## Work item
Transcribe the entries below exactly, starting with the line that has "Central Processing Unit" and stopping after the line that has "( ภาพห้องตัวอย่างตกแต่งด้วยกระเบื้องยาง SPC"; no pictures belong in the copy.

## Record extracts
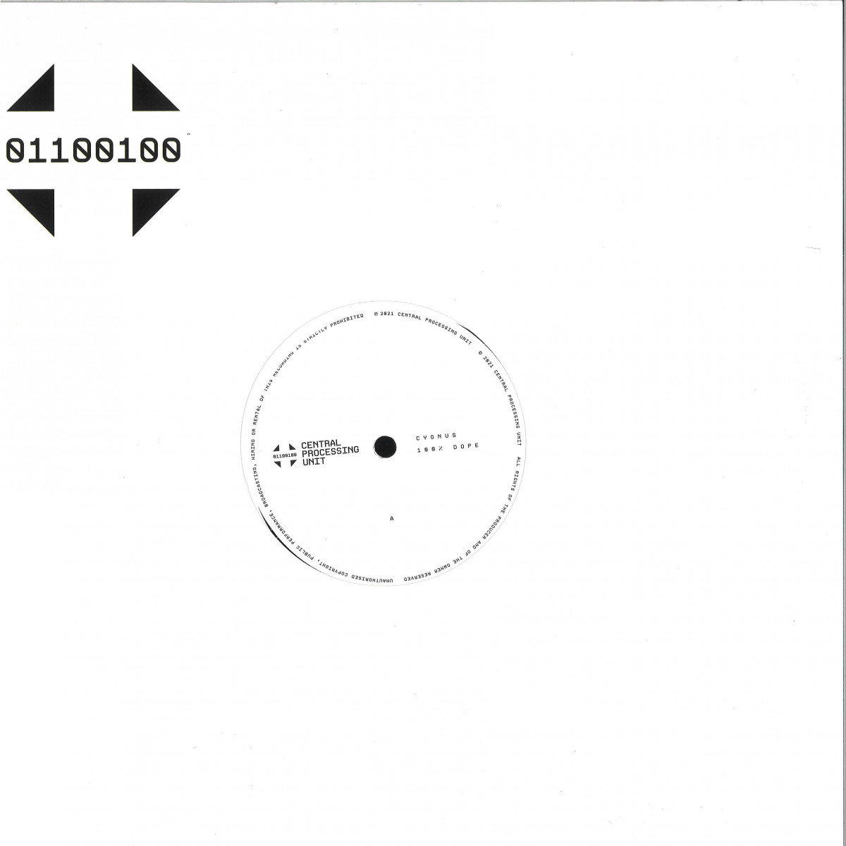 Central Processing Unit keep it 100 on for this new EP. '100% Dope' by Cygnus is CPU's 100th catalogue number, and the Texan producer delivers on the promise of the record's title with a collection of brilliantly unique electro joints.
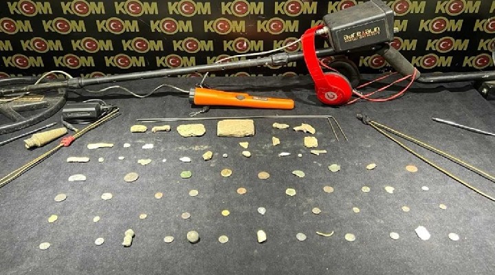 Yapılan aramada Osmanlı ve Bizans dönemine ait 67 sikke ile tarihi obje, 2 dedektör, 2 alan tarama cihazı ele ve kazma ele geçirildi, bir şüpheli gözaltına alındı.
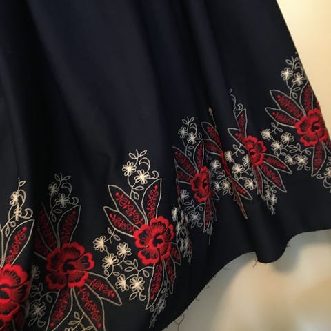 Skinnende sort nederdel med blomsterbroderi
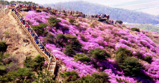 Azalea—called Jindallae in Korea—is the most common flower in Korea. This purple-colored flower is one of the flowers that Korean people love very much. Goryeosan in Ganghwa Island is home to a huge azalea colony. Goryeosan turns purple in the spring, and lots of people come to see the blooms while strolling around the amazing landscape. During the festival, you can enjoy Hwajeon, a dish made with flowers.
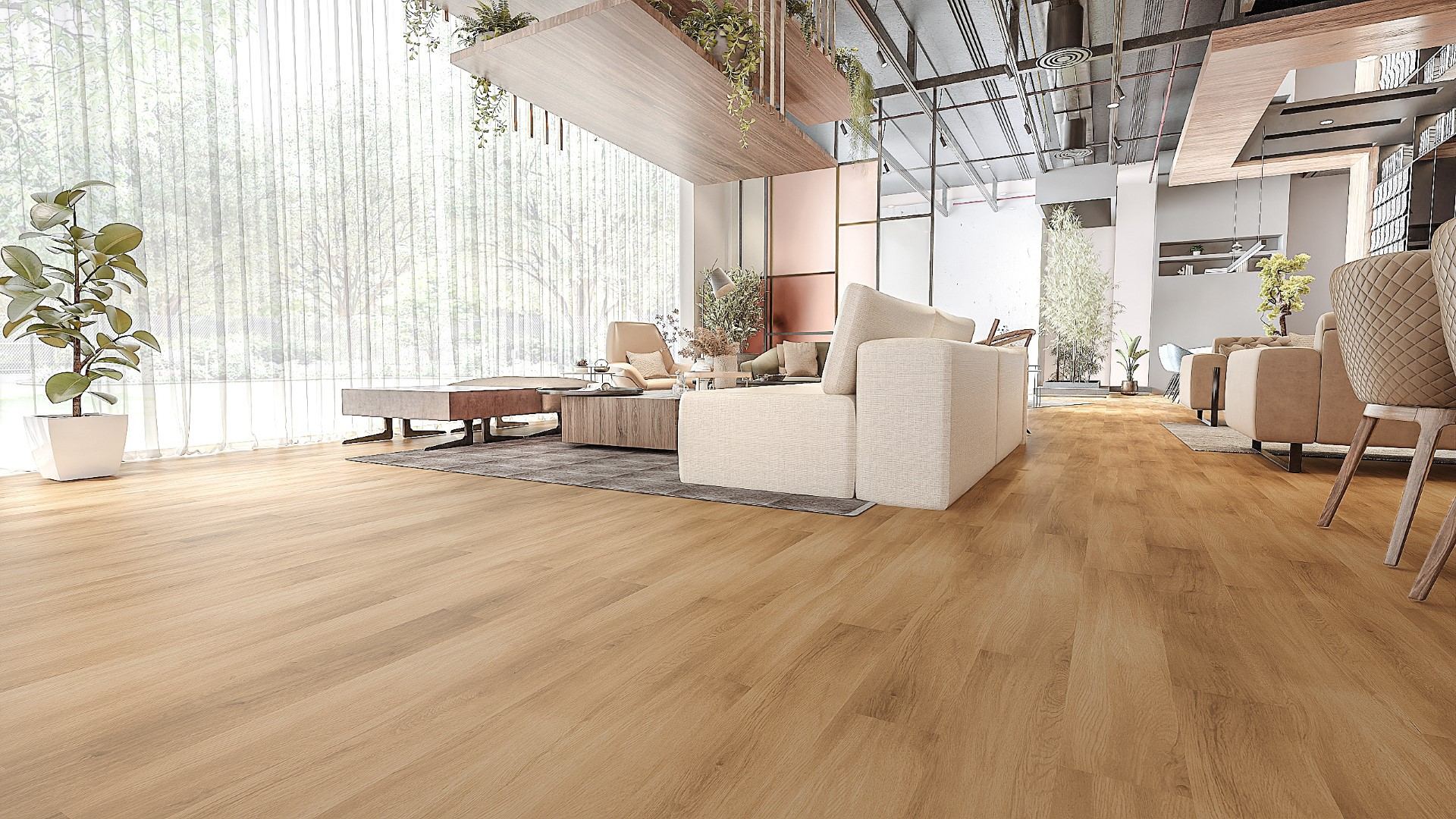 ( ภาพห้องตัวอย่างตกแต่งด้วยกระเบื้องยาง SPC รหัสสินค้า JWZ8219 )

...

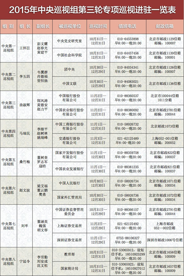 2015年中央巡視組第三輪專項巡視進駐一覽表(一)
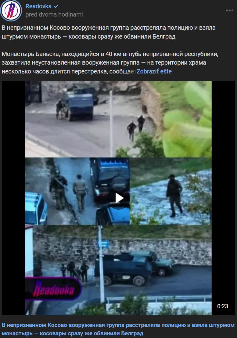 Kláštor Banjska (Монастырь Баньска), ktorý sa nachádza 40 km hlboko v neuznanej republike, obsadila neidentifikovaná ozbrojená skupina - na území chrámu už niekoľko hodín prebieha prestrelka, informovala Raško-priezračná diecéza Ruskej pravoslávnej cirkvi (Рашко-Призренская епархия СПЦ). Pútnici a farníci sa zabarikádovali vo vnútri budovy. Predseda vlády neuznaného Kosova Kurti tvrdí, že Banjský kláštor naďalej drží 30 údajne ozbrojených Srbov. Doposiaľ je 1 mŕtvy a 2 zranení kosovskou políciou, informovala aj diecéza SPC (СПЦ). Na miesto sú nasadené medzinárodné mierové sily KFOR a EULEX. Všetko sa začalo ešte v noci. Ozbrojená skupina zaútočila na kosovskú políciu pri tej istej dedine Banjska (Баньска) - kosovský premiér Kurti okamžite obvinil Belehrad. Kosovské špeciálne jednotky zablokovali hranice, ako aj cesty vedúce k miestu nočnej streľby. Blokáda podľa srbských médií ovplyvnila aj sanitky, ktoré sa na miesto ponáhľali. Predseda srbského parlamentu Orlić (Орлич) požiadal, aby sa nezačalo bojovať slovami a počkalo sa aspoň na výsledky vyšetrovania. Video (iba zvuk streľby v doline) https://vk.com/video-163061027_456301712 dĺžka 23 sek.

## Task output
 Central Processing Unit keep it 100 on for this new EP. '100% Dope' by Cygnus is CPU's 100th catalogue number, and the Texan producer delivers on the promise of the record's title with a collection of brilliantly unique electro joints.
 Yapılan aramada Osmanlı ve Bizans dönemine ait 67 sikke ile tarihi obje, 2 dedektör, 2 alan tarama cihazı ele ve kazma ele geçirildi, bir şüpheli gözaltına alındı.
 Skinnende sort nederdel med blomsterbroderi
 Azalea—called Jindallae in Korea—is the most common flower in Korea. This purple-colored flower is one of the flowers that Korean people love very much. Goryeosan in Ganghwa Island is home to a huge azalea colony. Goryeosan turns purple in the spring, and lots of people come to see the blooms while strolling around the amazing landscape. During the festival, you can enjoy Hwajeon, a dish made with flowers.
 ( ภาพห้องตัวอย่างตกแต่งด้วยกระเบื้องยาง SPC รหัสสินค้า JWZ8219 )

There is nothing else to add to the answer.